However, the existing portrait method for users adopts the same algorithm for different crowds and different users, the adopted corpus and data are data from multiple channels and multiple fields, the portrait of the users can only be simply reflected, the personalized portrait of the user crowds in different fields can not be systematically, systematically and accurately reflected, and the user portrait can not be updated rapidly and dynamically due to the rapid updating and changing speeds of the interest points, the attention points and the like of the users, so that the precision and the instantaneity of the portrait of the users are influenced.
Disclosure of Invention
Aiming at the problems, the invention provides a user dynamic personalized image method based on a knowledge graph, which can excavate and analyze entities, entity relations, attributes and the like in user data by constructing the knowledge graph on the data acquired by the user image, and can organically combine the user image technology by utilizing visual technology image display, in addition, semantic similar entities in the data of the current user are obtained through the calculation of Euclidean distance in a word vector space, so that the feature label which can most represent the current user is obtained through vector similarity, and the dynamic personalized image of the user is obtained through the real-time acquisition and update of the user data, thereby ensuring the accuracy and the real-time performance of the user image.

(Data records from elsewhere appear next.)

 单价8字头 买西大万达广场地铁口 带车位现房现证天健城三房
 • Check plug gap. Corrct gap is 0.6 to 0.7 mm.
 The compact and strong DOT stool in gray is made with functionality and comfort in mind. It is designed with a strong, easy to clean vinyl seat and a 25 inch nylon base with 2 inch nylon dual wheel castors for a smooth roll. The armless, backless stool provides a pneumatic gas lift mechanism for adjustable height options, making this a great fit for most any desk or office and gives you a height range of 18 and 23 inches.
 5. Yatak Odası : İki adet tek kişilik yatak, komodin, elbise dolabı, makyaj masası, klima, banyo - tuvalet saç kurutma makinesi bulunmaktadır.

In order to achieve the above object, the present invention provides a method for dynamically personalizing an image of a user based on a knowledge graph, comprising: collecting user data of a user to be portrait in real time; inputting the user data into a named entity recognition model to obtain entities in the user data and corresponding entity relations; classifying the data of the entity based on a knowledge fusion technology to obtain multidimensional behavior data of the user; performing field screening on the behavior data to construct a knowledge graph oriented to the user portrait; the entity in the knowledge graph is expressed by a word vector, and Euclidean distance between words is calculated in a word vector space; determining the entity with similar semantics in the knowledge graph and the correlation between the word and the entity according to the Euclidean distance, and constructing a user behavior tag table according to the correlation; updating the user behavior tag table according to the iterative processing of the real-time collected data, and constructing the dynamic personalized image of the user.

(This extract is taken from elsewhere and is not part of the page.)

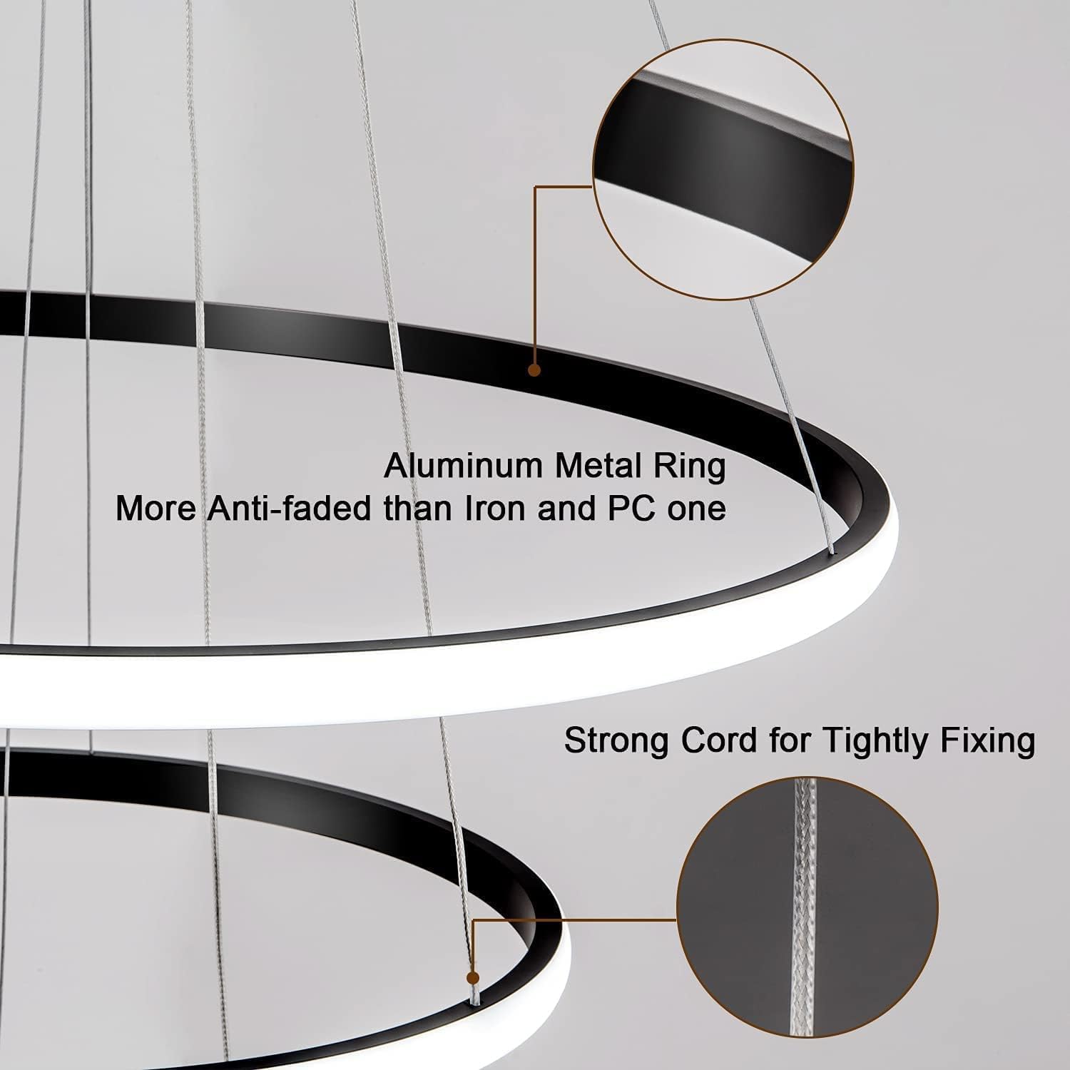 - ✨【Modern Pendant Light Can DIY Shapes】This modern pendant light with adjustable strings via cable locking pin. Before installation, You can DIY favorite shape. The strings of this led chandeliers can be adjustable 39", set a hanging height your want. This 3 rings chandeliers can be adjusted at will, making your lighting decoration timeless. The 3 rings led chandeliers easily adjust the hanging cord, design the shape your favorite.

In the above technical solution, preferably, the acquiring, in real time, user data of a user to be portrait specifically includes: and carrying out real-time dynamic grabbing on the multi-terminal, multi-system and multi-field data of the user through a data grabbing tool.
In the foregoing technical solution, preferably, the inputting the user data into a named entity recognition model to obtain the entity and the corresponding entity relationship in the user data specifically includes: inputting the user data into a named entity recognition model based on deep learning; and carrying out entity recognition and relation extraction on the user data by the named entity recognition model to obtain entity relations between the entities in the user data and the corresponding entities.

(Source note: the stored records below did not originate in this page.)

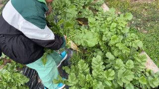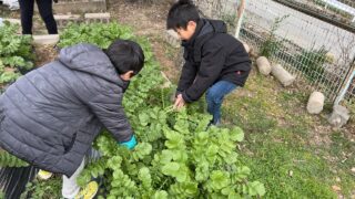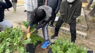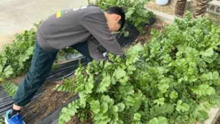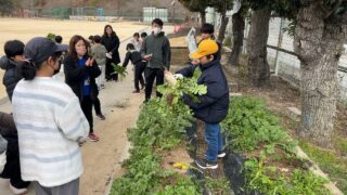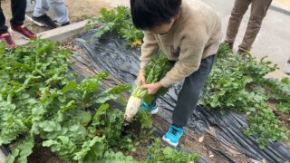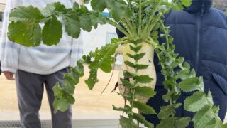 今日の1時間目、なかよし学級の子どもたちは、野菜の師匠である西尾さん夫妻をお迎えしてダイコンの収穫をしていました。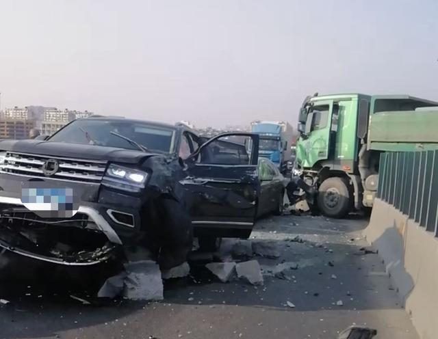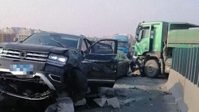 据了解,当时一辆土方车沿S4沪金高速往市区方向行驶,当车辆行驶至奉浦大桥下坡路段时,土方车撞击道路中央的水泥隔离墩,造成隔离墩移位至对向车道上。因事发突然,对向车道上两车驾驶员避让不急,其中一辆SUV撞上隔离墩,另一辆轿车被土方车撞击,事故造成事故车辆不同程度受损。事故发生后,奉浦大桥双向四车道全部堵死,交通阻断,双向各拥堵约5公里。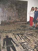 Greatmore Studios artist in residence Czechoslokian Jan Vicar, shortly to leave the country, is showing slides of his work tonight. His current work, wall sized woodcut images, printed in layers of colour, hang around the room. How on earth did he make such large scale works? Jan takes me into his studio. The man has treated the floor as a giant woodblock, cutting and incising his images into it, then inking up the floor, placing his paper facedown, and transferring the image by rubbing the back of the paper with a wooden spoon. The results are impressive.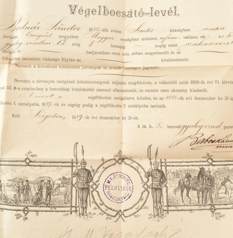1889 Végelbocsájtó levél szakaszvezető részére, 40×54 cm https://www.darabanth.com/hu/426-Gyorsarveres/426.0/Mutargy-papirregiseg-egyeb/Militaria~500031/1889-Vegelbocsajto-level-szakaszvezeto-reszere-40C39754-cm~II2723823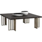 This square coffee table will bring warmth and style to various living and lounge spaces. The distressed oak wood veneer top is complemented with architectural antique brass iron legs for added appeal. Cracks and deep lines in finish are part of the distressed look. Suitable for residential and contract environments.

In the foregoing technical solution, preferably, the classifying the data of the entity based on the knowledge fusion technology to obtain the multidimensional behavior data of the user specifically includes: and classifying the entities obtained by the named entity recognition model by adopting a knowledge fusion technology based on a cross-modal shared subspace learning theory, and obtaining multi-dimensional entity classification as behavior data of the user.
In the above technical solution, preferably, the calculating the euclidean distance between words in the word vector space by using the word vector representation for the entity in the knowledge graph specifically includes: using a depth semantic model to represent the entities in the knowledge graph by word vectors to form a word vector space; and calculating Euclidean distances between related words in the word vector space by utilizing semantic similarity and logical correlation between entities of the knowledge graph.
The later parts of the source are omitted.